Taken in Round 2 in 1988.

The next pick: Dallas grabbed linebacker Ken Norton Jr. at pick No. 41, and he was a starter for 12 of his 13 seasons for the Cowboys and 49ers.

Other picks in the round: A total of 19 players from the round appeared in at least 100 games. There were two Hall of Famers among them – Thomas and center Dermontti Dawson of the Steelers. Ex-Bill Chris Spielman went at No. 29, and some of the other famous names were Eric Allen of the Eagles, Ickey Woods of the Bengals, Jumbo Elliott of the Giants, Vincent Brown of the Patriots, Fred Strickland of the Rams, Brian Blades of the Seahawks, Michael Dean Perry of the Browns, and Brett Perriman of the Saints.
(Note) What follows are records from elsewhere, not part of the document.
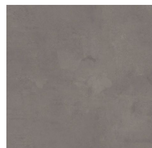
2706 2 / 3 / 4 m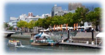
親水護岸の利用 (新町川/徳島市)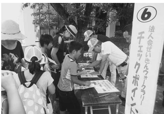
ぜいきんクイズの正解者に合格印を押す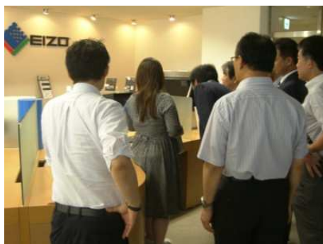
各種モニターの特徴を説明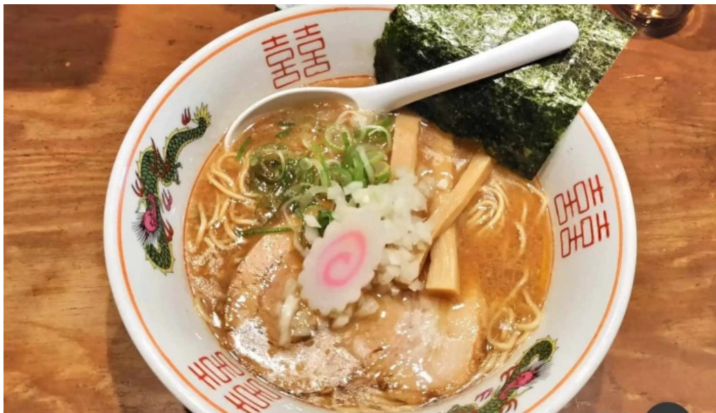
あわら温泉屋台村 湯けむり横丁 料理飲み物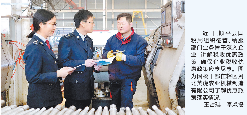
近日,顺平县国税局组织征管、纳税服务等部门业务骨干深入企业,讲解税收优惠政策,确保企业税收优惠政策应享尽享。图为国税干部在辖区河北英虎农业机械制造有限公司了解优惠政策落实情况。

策范围内精简审批环节,优化服务流程,先后推出7类47项涉税事项全市通办、4类11项全省通办,优化8类25项办税流程。引入“互联网+”理念,增配自助办税终端24台,选取4个县区试运行“智慧云办税厅”2.0版,与税务部门推进“一窗一人一机单系统”联合办税模式,解决纳税人“两头跑、多次跑”问题,全面提高减免税办税效率。同时,为防止违规事前备案或变相审批,该局还加大税收优惠政策执行情况跟踪检查力度,强化数据监控,以信息管税为抓手,利用税源管理平台、综合治税平台、减免税管理系统等数据信息,进行预警分析,对筛选出的疑点企业开展专项评估,强化后续管理,为享受优惠政策的纳税人提供公平公正的营商环境。(付振宇、高小杰)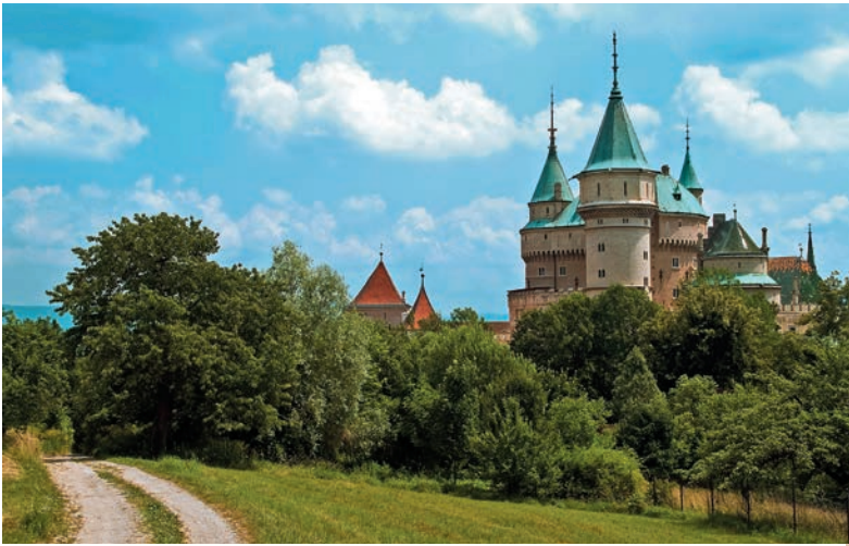
Bojnický zámok od západu

stredovekého hradu zvyčajne majú strmé strechy paláca, kaplnky a veží. Podľa nich ich ľahko identifikujeme už zďaleka, napr. z Hornonitrianskej kotliny.

The details: There were questions about Thomas entering the draft due to a knee injury. When he was finally taken by the Bills, the TV cameras showed a man with a chip on his shoulder. It didn’t take him long to become the best all-around running back in Bills history. He had eight straight 1,000-yard rushing seasons, caught as many as 62 passes in a season, and was picked for five straight Pro Bowls.

He got away: Since Thomas was in a class by himself as a player, it’s only fitting that he’s the only significant Buffalo player to be taken at No. 40. The Bills drafted Dave Simmons in that spot in 1965, but he signed with the Cardinals. The linebacker was a reserve with three teams in a four-year career.